Kenny, what are all those sharks feeding on Christmas time? Not a lot of meat on a seagull.


----------



## kayak456 (Jun 5, 2012)

Look at my pelican thread, I think I know what got him ...


----------



## dlpetrey (Oct 30, 2013)

EXACTLY what I was thinking. Poor little dude.


----------



## Drumdum (Jan 6, 2003)

dirtyhandslopez said:


> Kenny, what are all those sharks feeding on Christmas time? Not a lot of meat on a seagull.


 plenty on a speck,flounders, or a puppydrum... used to think they weren't fast enough to do that,but I promise you they are after watching them eat jigs and plugs presented to stripers and drum a few winters back.... talking anything from sandbars,hammers,lemons to spinies...


----------



## JDimig (Jan 23, 2004)

Drumdum said:


> Overfishing ruins everything doesn't it???


Some one said the other day that the ocean strippers stopped when the Spiny Dog Fish prohibition when into effect. And when you think about it they are correct. Do you think this was just a coincidence?


----------



## Drumdum (Jan 6, 2003)

JDimig said:


> Some one said the other day that the ocean strippers stopped when the Spiny Dog Fish prohibition when into effect. And when you think about it they are correct. Do you think this was just a coincidence?

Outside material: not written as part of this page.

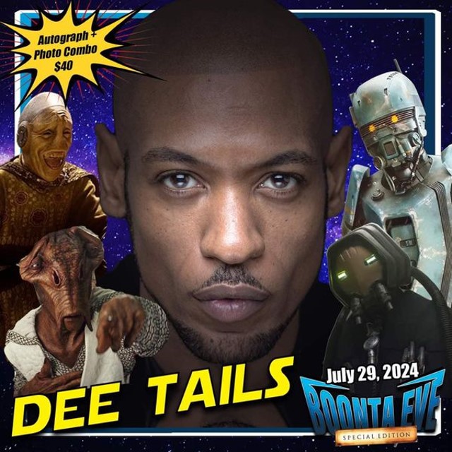 The team at Virtual Cantina bring good news. With Tait Fletcher forced to withdraw from the event due to a scheduling conflict, sequel trilogy and Disney Plus performer Dee Tails is announced to be attending Boonta Eve Special Edition Hollywood: Heroes of the Filoniverse on 29th July 2024 at Scum & Villiany Cantina in Hollywood, CA.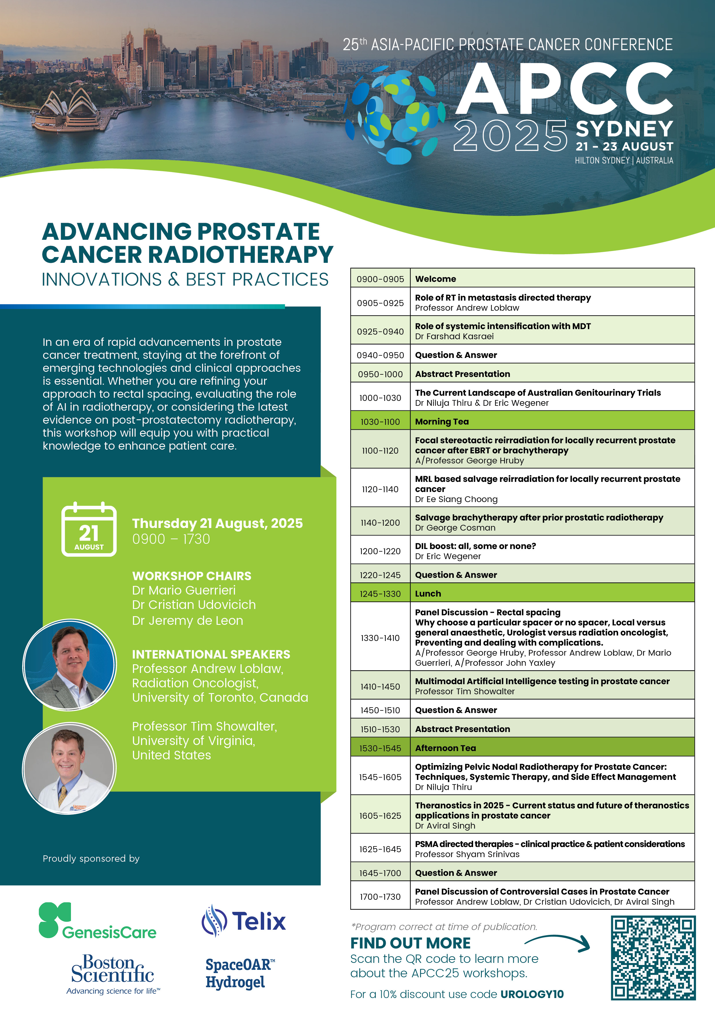 In an era of rapid advancements in prostate cancer treatment, staying at the forefront of emerging technologies and clinical approaches is essential. Whether you are refining your approach to rectal spacing, evaluating the role of AI in radiotherapy, or considering the latest evidence on post-prostatectomy radiotherapy, this workshop will equip you with practical knowledge to enhance patient care.

 It's got possibilities,the sorry basteds will eat about anything that moves.. Although,there are plenty of scenarios attributed to the decline of the stripers that headed our way years ago...


----------



## dirtyhandslopez (Nov 17, 2006)

Interesting.
Thank you kindly Kenny.


----------



## pods (Sep 10, 2013)

ncsharkman said:


> pods,
> I'm not kidding or "blowin Smoke" when I suggest that you start out small by maybe heaver fishing for smaller "biters" [100 lbs or less] from a pier or the beach before you try running big baits out or even fishing for the bigger ones. I caught my first real big shark in 1968 and did a lot of watching and learning before that. you can be seriously hurt or worse if you don't know what you are doing. No, I'm not talking about sandtigers although even they are dangerous at times. Garboman knows that what I say is true as he has been there and done that too.
> Good luck, Dave


Thank you for the warning Dave, I take all information from those who have done it to heart. Shark fishing is fairly new to me, and if there is one thing I have learned over my 40 years is some humility. So I will take any and all information that is available. I would like to set a goal for next season for a 6' or so fish (big fish, but not huge shark) and stick to casting gear. Reviving fish and releasing them has always been a top priority of mine. I once spent about an hour reviving a small muskie after it inhaled a stickbait deep. Even the few sharks we have landed I spent most of my time making sure they make it back out. I do not want to get hurt myself, and these fish definitely fit the bill for that possible outcome. But it would kill me to see a fish I catch for sport wash back up if there is any way I can avoid it. Maybe a couple years from now I can shoot for SoS class fish, but for now I just love to see the dorsal in the wash. I still get excited when seeing a sharpnose!
pods


----------



## NC KingFisher (Nov 20, 2011)

Hey pods, i do to cause i think of eating the steaks and what a sick bait the rest will be!


----------



## ncsharkman (Mar 12, 2011)

Pods, I release all big sharks but I used to sell them back in the day to help pay for the weekend fishing trips! Catching 100-150 pound sharks is a lot of fun on a heaver or small standup set up from a pier or the beach. I use about the same set up as you would for cobia but with a bit stouter leader or float rig. I caught 3 nice 100 pound range brown sharks last month on my heaver that really gave me a fight while drum fishing. my only 'big" shark this year was one I caught in September from O.B.X. pier. it was a sandtiger in the 400+ pound range. you can see the last 9 minutes of the catch on you tube if you wish. it's under OBX pier sand tiger. you can see my tackle on the video. it's a custom 5 foot reverse real seat 80-130 rod and a Trinidad 50 reel with 1000 yards of 65 pound power pro line and about 100 feet of 100 pound mono shock. it's a bit of overkill for most sharks but it is capable of handling a real monster if you don't run out of line!
good luck, and "Keep on Sharkin"!
Dave


----------